**Dataset content**:
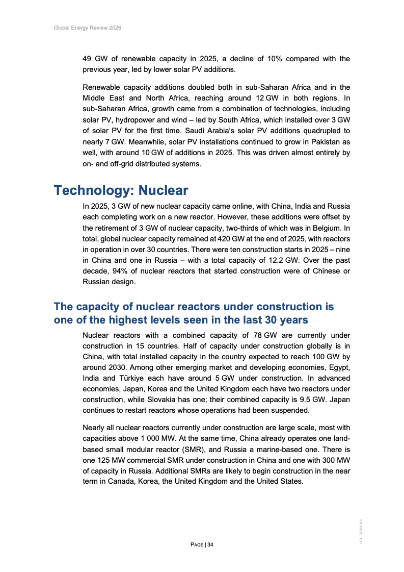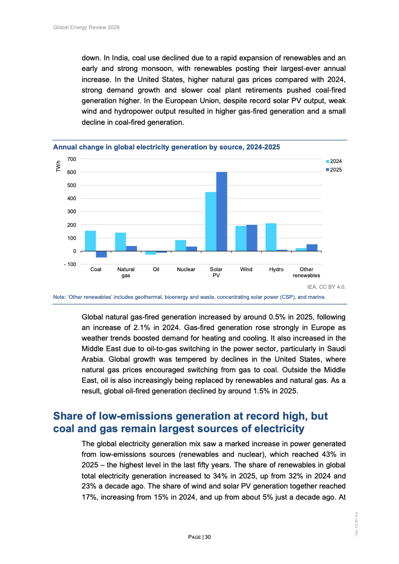供给侧的变化进一步强化了结构性转型趋势,2025年光伏发电增加600TWh,为历史最大年度增量,单一来源贡献约70%的电力增长;可再生能源与核电新增发电量已超过全部电力需求增量,意味着化石能源发电在总量上开始被挤出,全球低排放电力占比升至43%,创近五十年新高,尽管煤电仍占34%、天然气占21%,但能源系统的重心正在加速向低碳电力迁移。
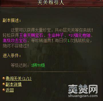 勇闯天关副本中一共有40层,每一层都有一个相应的boss。在每一层中, 玩家都有五分钟的挑战时间,不管是被boss击杀还是超时,任务都算失败。当然,玩家若击杀了boss,就可用黄金铲子来挖掘boss尸体,这样就有可能有意外收获哦!像神戒、金币和珍稀道具等,都不在话下哦!
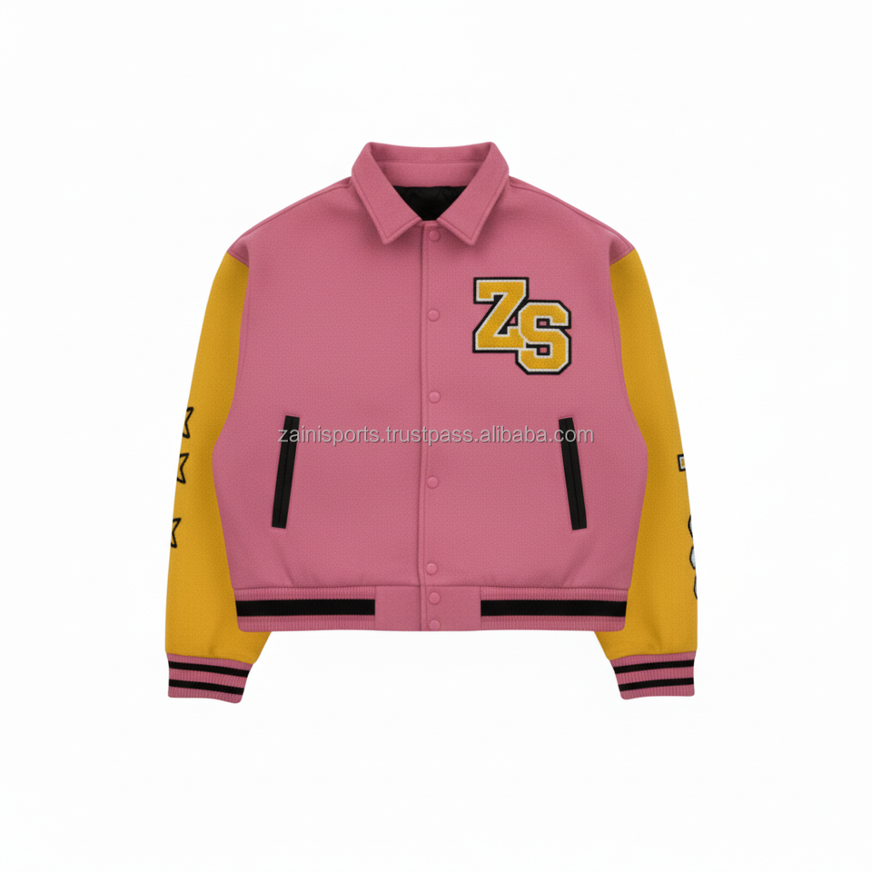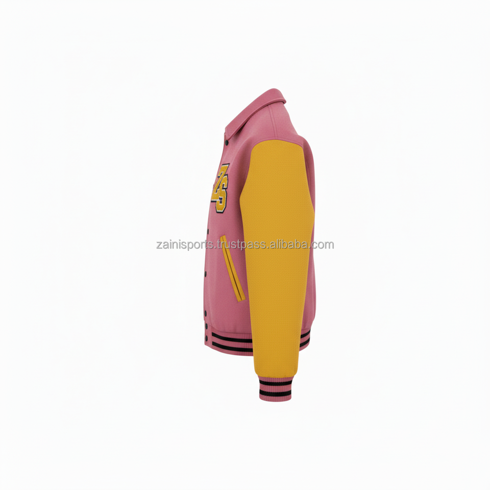 Veste universitaire en mélange de laine avec manches en cuir PU souple, veste universitaire en chenille à logo personnalisé jaune rose pour hommes
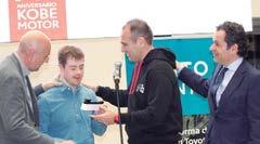 de Vitoria, CIFP Profesor Raúl Vázquez e Inclusión Hazteincluencer.com. Asimismo, agradeció la fidelidad de algunos de sus clientes que llevan todo este tiempo confiando en Toyota Kobe Motor. Además, se entregaron los premios a los ganadores de este pasado año de la Copa Kobe Motor Circuitos, de la Copa Kobe Motor Rallyes y a los ganadores del Campeonato de España de Energías Alternativas en la categoría de híbridos enchufables con el RAV4, Santiago Sánchez y Javier Ortega. En este punto, Santiago Sánchez destacó que “este modelo nos ha sorprendido, para ser un coche grande de prácticamente dos toneladas, es un coche de una conducción muy fácil, de una gran eficiencia en consumo y que se ha comportado tanto en la parte de regularidad como en la parte de consumo, extraordinariamente, permitiéndonos, ganar el campeonato para Kobe, para Toyota y nosotros como piloto y copiloto”.

**Task prompt**:
Write out again exactly the lines from the start of the data above through the line containing "勇闯天关副本中一共有40层,每一层都有一", inclusive, excluding any pictures.

**Task result**:
供给侧的变化进一步强化了结构性转型趋势,2025年光伏发电增加600TWh,为历史最大年度增量,单一来源贡献约70%的电力增长;可再生能源与核电新增发电量已超过全部电力需求增量,意味着化石能源发电在总量上开始被挤出,全球低排放电力占比升至43%,创近五十年新高,尽管煤电仍占34%、天然气占21%,但能源系统的重心正在加速向低碳电力迁移。
 勇闯天关副本中一共有40层,每一层都有一个相应的boss。在每一层中, 玩家都有五分钟的挑战时间,不管是被boss击杀还是超时,任务都算失败。当然,玩家若击杀了boss,就可用黄金铲子来挖掘boss尸体,这样就有可能有意外收获哦!像神戒、金币和珍稀道具等,都不在话下哦!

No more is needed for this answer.